Where is the Money Going?
As we previously mentioned, the American Rescue Plan for 2021 comes in at $1.9 trillion dollars.1 However, the real question is: where is all this money going? Aside from the $1400 stimulus checks going out to American citizens, the money is going towards jobless benefits and various forms of federal, state, and local aid. This includes $350 billion for states, local governments, territories, and tribal governments, which contains funding for COVID-19 testing and vaccine distribution, along with $130 billion for schools.2 There is also additional funding for colleges and universities, transit agencies, housing aid, childcare providers and food assistance. However, despite initial attempts to include it in the plan, there was no provision added to raise the minimum wage.3
Some other major areas covered by the plan include:
Business: The ARP includes a bailout for multiemployer pension plans that are financially troubled, along with adding $7.25 billion to the Paycheck Protection Program (PPP). Furthermore, a $28.6 billion appropriation to the Restaurant Revitalization Fund was made, administered by the Small Business Administration (SBA).4 These funds will go to eligible restaurants will grants up to $10 million for restaurant groups and $5 million for individual eateries.5 Restaurants and small businesses owners are also eligible for long-term, low-interest rate loans through a $15 billion Emergency Injury Disaster Loan (EIDL) program.6
Healthcare & The Affordable Care Act: Healthcare received a boost, with a temporary increase in subsidies for people purchasing health insurance through the ACA’s marketplaces. This includes billions of dollars for public health programs and veteran’s healthcare.7 The overarching goal is to help those who have lost jobs keep the health insurance coverage they have through their employer, covering the full cost of premiums through a federal program called COBRA through September.8 The ARP also includes requirements for Medicaid and Medicare, such as mandatory coverage of COVID-19 vaccines and administration and treatment under Medicaid, modifications to certain coverage under Medicaid for pregnant and postpartum women, plus a state option to provide qualifying community-based mobile crisis intervention services.9
There is funding for several COVID-19 related matters, including vaccine activities at the CDC, vaccine and medical equipment supply chains, testing/contact tracing, and genome sequencing/surveilling.10 This is on top of funding for various health-related organizations, including the National Health Service Corps and Nurse Corps, community health centers, the public health workforce, and medical reserve corps.11 Further, there is additional funding for healthcare related to mental health and substance abuse management, including block grants for community mental health services.12
Health Insurance: Perhaps the biggest change is the ARP expands Marketplace subsidies above 400% of poverty and increases subsidies for those making between 100% and 400% of the poverty level for two years (2021 and 2022).13 These additional subsidies will yield substantially lower premium payments for the vast majority of the nearly 15 million uninsured people who are eligible to buy on the Marketplace and the nearly 14 million people insured on the individual market.

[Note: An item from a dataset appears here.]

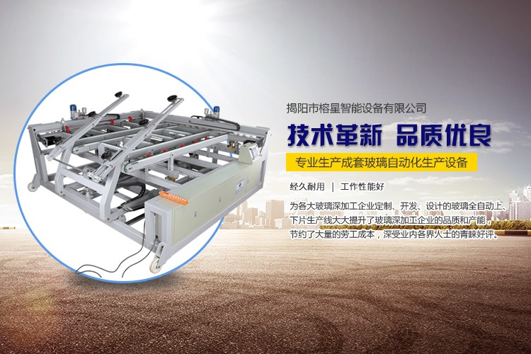 本產(chǎn)品采用人機界面加可編程控制器、真空吸附系統以及自動(dòng)控制系統組成穩定可靠的控制方式。輸送部分與堆垛部分采用步進(jìn)驅動(dòng)器與步進(jìn)電機組成,采用自主開(kāi)發(fā)切割及優(yōu)化系統,切割準確度達到±0.2mm,提高了切割的穩定性以及玻璃的切割品質(zhì)。結構由設備主框架、翻轉上片架、橫縱向輸送結構、橫縱向切割結構、橫縱向小車(chē)堆垛結構組成。

By extending eligibility for Marketplace subsidies above 400% of poverty, the COVID-19 relief law flattens out the ACA’s so-called subsidy cliff and lowers premiums for virtually everyone already eligible for marketplace subsidies.14
Unemployment Insurance: The law makes special considerations for people approved to receive or receiving unemployment compensation at any point in 2021. If a person is receiving unemployment compensation and they qualify to purchase insurance on the Marketplace, they and any eligible dependents can receive a silver plan with a $0 premium. This is because under the ARP, any household income above 133% of poverty is not considered in the calculation of the premium tax credit if they receive unemployment insurance. However, as under the ACA, the amount of the subsidy in the COVID-19 relief law varies by age, income, and location.15
FEMA (Federal Emergency Management Agency) & Disaster Relief: To address many of the issues caused by the pandemic, FEMA will receive additional funding, which in turn will go towards several different areas of interest. This includes resources for property managers, options for federal support/action, mass care and emergency assistance, and general financial assistance.16 This is in addition to more generalized disaster relief and humanitarian efforts, such as the Emergency Federal Employee Leave Fund, emergency food and shelter program funding, and expansions to the Paycheck Protection Program (PPP) and Economic Injury Disaster Loans (EIDL).17
But How Does It Affect the Real Estate Market?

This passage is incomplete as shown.